Анни постояла, глядя вслед Майкки. Та, пригнувшись и стараясь держаться подальше от разговаривавших женщин, семенила к дому. На углу Майкки еще раз обернулась и помахала рукой. Анни облегченно вздохнула и побежала к окну, к тому самому, из которого они недавно выбирались. Вот и их дверь. Она вошла в комнату и села на стул у окна… Как только мама появилась на пороге, Анни сразу же начала все рассказывать. И еще добавила, что Юлкуска всегда все преувеличивает и часто наговаривает на детей. Мама ничего не ответила, она только прикусила губу, увидев, что ее лучшее платье висит над плитой на веревке как жалкая мокрая тряпка.
— И все же я пойду на работу, — сказала Анни. — И как только получу зарплату, сразу же куплю тебе новую пудреницу.
— А вообще-то это платье давно уже по стирке скучало, — сказала мама после недолгого молчания. — Удивительное дело: сходишь, один вечер потанцуешь — и платье сразу же заношено. В зале так душно, такой тяжелый воздух, а руки у мужчин вечно потные.

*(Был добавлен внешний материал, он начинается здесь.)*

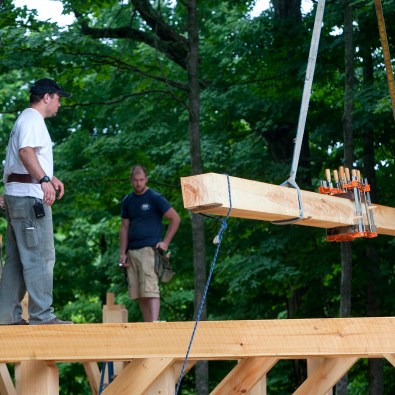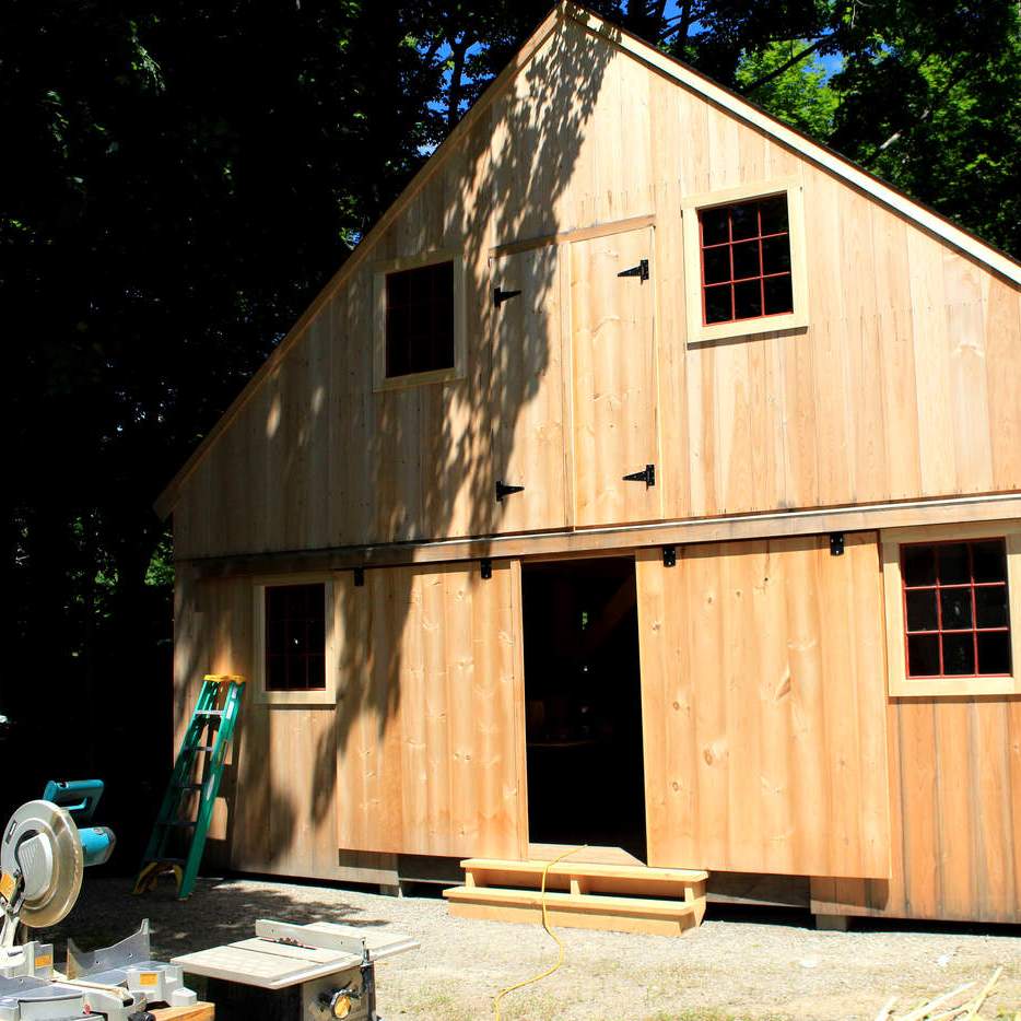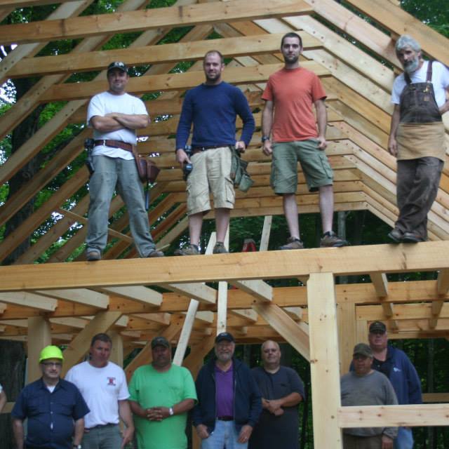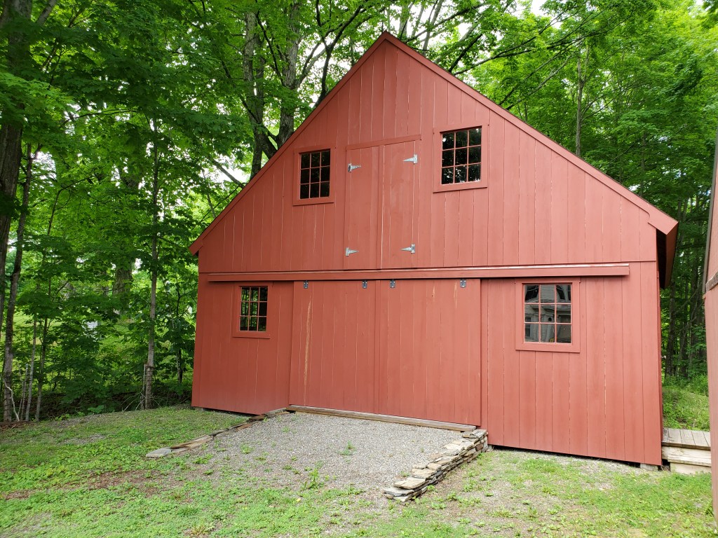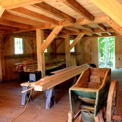 This two-story, timber-framed barn, 26 feet by 36 feet, was built by master timber framer Bud Menard of Jackson, Maine. The materials were provided through a generous $15,000 donation from the Davis Family Foundation. The framework is held securely together by mortise and tenon (no hardware). The frame was constructed in Bud’s shop, assembled on site at the museum (the Pilley House), and then raised by a crane and crew. The timber-framed barn is a masterpiece for the Brooks Historical Society Museum as well as an asset. It is as beautiful inside as outside with eight bays (four to each side) on the first floor, providing floor space for special displays of Brooks’ history. The second floor is spacious and useful for summertime activities such as presentations, workshops and meetings as well as exhibits. As a young man, Bud studied at the Northford Timber Framers School in Connecticut, and since then he has built many timber-framed barns.

— А зачем же ты тогда ходишь на танцы? — спросила Анни.
— Ну как зачем? Хоть какая-то радость в жизни. А чего у меня еще хорошего? — сказала мама и присела к столу. — Я ведь такая одинокая женщина. Если бы ты только знала, как мне бывает тоскливо…
И вдруг, совсем неожиданно для Анни, мама уронила голову на стол, на свои скрещенные руки, и горько заплакала. У Анни губы тоже задрожали, она бросилась к матери и обняла ее за шею.
— Когда я вырасту большая, я сделаю так, что к тебе приедут свататься женихи со всего света, и тогда тебе не надо будет больше ходить на эти танцы, — говорила Анни ласковым голосом. — Хорошо? Ага?
— Да ты пойми, доченька, я ведь хочу, чтобы вернулся тот, единственный… ваш отец… — ответила мама и заплакала еще сильнее.
— Ну хорошо, тогда я сделаю так, что ты получишь назад того, единственного, — твердо пообещала Анни.
К счастью, мама перестала плакать, утерла слезы и даже улыбнулась Анни. А когда они увидели в окно, что вверх по Казарменной горе энергичным шагом поднимается Лассе, то, переглянувшись, постарались придать своим лицам спокойное, будничное выражение. И заговорили об обычных, будничных делах.
Но вечером Анни взяла к себе в постель Деву и Воина и назидательно сказала им:
— Это очень печально, когда у людей несчастная любовь. Она так запутывает… Но, может быть, вам в жизни еще повезет?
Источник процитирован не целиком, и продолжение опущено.